Costa Rica-based ACICAFOC co-organised the meeting with the Federation of Community Forest Users of Nepal (FECOFUN), attracting 50 international participants from 18 countries.

“We need support to address global issues like the WTO (World Trade Organisation),” FECOFUN Member Secretary Bhola Bhattarai told IPS. “Alone we cannot achieve anything, so we want to see how other communities are securing the rights of their people.”

Nepal has a celebrated community forestry movement. It includes 14,337 user groups whose 1.65 million households represent 39 percent of the country’s population of about 25 million, according to the Ministry of Forests. Forest resources provide 75 percent of the nation’s energy needs and 40 percent of animals’ fodder.


One-fifth of the South Asian country’s total forest area has been handed over to community forestry groups, thanks largely to legislation that is considered among the most progressive in the region.

But all is not well. Forest users’ groups were displaced by both the army and Maoist rebels during a decade-long insurgency that ended at least temporarily after King Gyanendra gave up direct power in April. Many groups also fell behind in their paperwork are in danger of losing their status with the government.

FECOFUN is also pushing the Ministry of Forests to change what the group calls a failed policy to manage forests in Nepal’s terai (its southern plains region bordering India). Jungles there produce the most commercially valuable of Nepal’s timber and the ministry is using the “collaborative forestry” approach to try and obscure its grabbing of resources that should be managed by the community, argues FECOFUN.

Threats also come from abroad, said Bhattarai. Some foreign aid donors to Nepal, and other countries, “are not interested in supporting community forestry but support other non-democratic approaches”, he added. “Multinational companies are also trying to capture rights to forests and we want to counter that.”
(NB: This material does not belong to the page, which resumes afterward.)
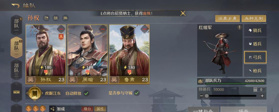 在这套阵容中,核心的武将是孙权,同样也属于续航担当。技能机制会围绕兵力恢复,还有团队增益展开,在战斗的过程中,可以给全队持续回血,稳住血线,还能驱散我方全体负面状态,避免队伍被控制。想让孙权的作用更大点,技能搭配上面有两种思路,如果追求前期的节奏,可以选择激昂类技能,或者是鼓舞类技能。想要强化续航的能力,可以选择愈合技能或者回城技能,在谋略伤害的同时,还可以触发群体回血,让队伍在长时间消耗战中,一直都可以保持保持健康的状态。

In fact, one Finnish company recently tried to get a forestry concession in Nepal, Peter deMarsh of the International Family Forestry Alliance told the conference’s closing session. “In today’s world, all the largest companies are following what they call ‘global fibre strategies’…this is pushing prices down and making access to markets (for community groups) more difficult,” he added.

Thai groups are preoccupied by local and national challenges, according to Somying Soontornwong, manager of that country’s support programme at the Regional Community Forestry Training Centre for Asia and the Pacific.

“We need to know how to scale up and empower our network, to unite our groups,” she said in an interview. FECOFUN can provide lessons in how to create an umbrella body of these groups and the best ways to ensure grassroots participation at all levels of the organisation, added Soontornwong.

Thai groups are also brainstorming how to get a law passed that will recognise their rights – after 15 years of failed attempts, she said. ‘’Last year it (failed) again and then the government wanted to relocate people living in national parks and protected areas, but ethnic people have been in those places for a long time.”

According to Chinchilla, a strong global alliance will empower community forestry groups “to lobby our governments, taking into account the achievements of community forestry in conserving the environment, using resources sustainably, and generating jobs”..

“The important thing is that we realise that the problems are similar at the global level: community forestry is not given its due, biodiversity is at threat, air quality is declining and global warming is increasing,” he said. Community forestry has a strategic role to play in addressing those problems, and it is a growing movement.”

“If the alliance is strengthened our voices can also be heard in international forums like the U.N. and EU,” Chinchilla added.

One of the GACF’s first activities will be to present the alliance at the 7th United Nations Forestry Forum, said Bhattarai. First, the group must approve a charter and name two people from each continent to a global board of directors, he added.